02: College Football#
In honor of the Super Bowl this week, we’ll work on a network of football games compiled by Girvan and Newman (two famous network scientists) in 2002. Go to Newman’s network data site and download the American College football network available there. This will be a zip file that includes a .gml
file and a text file with some important metadata.
In a short Jupyter notebook report, answer the following questions about this network. Don’t simply calculate the answers: make sure you’re fully explaining (in writing) the metrics and visualizations that you generate. Consider the Criteria for Good Reports as a guide. You can create markdown cells with section headers to separate the different sections of the report. Rather than number the report as if you’re answering distinct questions, use the questions as a guide to do some data storytelling, i.e. explain this network’s data in an organized way.
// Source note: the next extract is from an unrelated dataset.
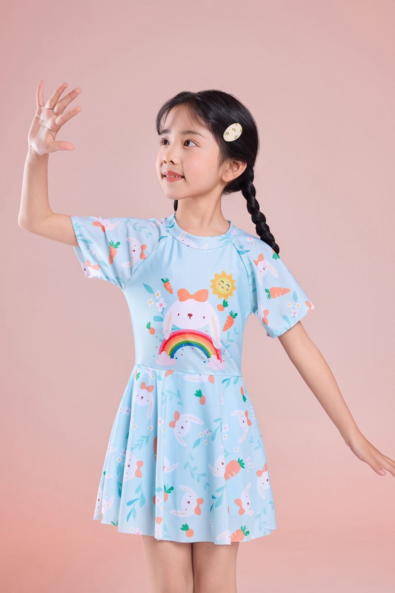 워터 탑 어린이 수영복 소녀 중 어린이 스포티 스타일 원피스 스커트 수영복 사이버 온천 뜨거운 판매 수영복

What are some basic facts about this network: how many nodes and edges does it have? is it directed? is it connected? What do these basic measures tell you about the network?
Is the college football network a small world? Why or why not? Think about which path-related metrics you would need in order to draw conclusions about this. You may also need to create a degree distribution graph, and you can use the centrality calculations that you’ll create in the next step.
What are the most central teams in the network? Calculate degree, betweenness, eigenvector, and closeness centrality, and look at the highest values for each measure. Add all of these measures as node attributes to your network. Which teams have high centrality, and why do you think that is? What do the different centrality measures tell you about the network? Consider the distributions of centrality in the network as well as the ratios between different measures (i.e. the ratio of betweenness to degree).
What are the most central conferences in the network? How might you assess conferences as groups of nodes?
n.b. To answer these questions, you’ll need to use a mixture of the NetworkX skills we’ve been working on, as well as combine NetworkX code with pandas and altair.
When you’re finished, remove these instructions from the top of the file, leaving only your own writing and code. Export the notebook as an HTML file, check to make sure everything is formatted correctly, and submit your HTML file to Sakai.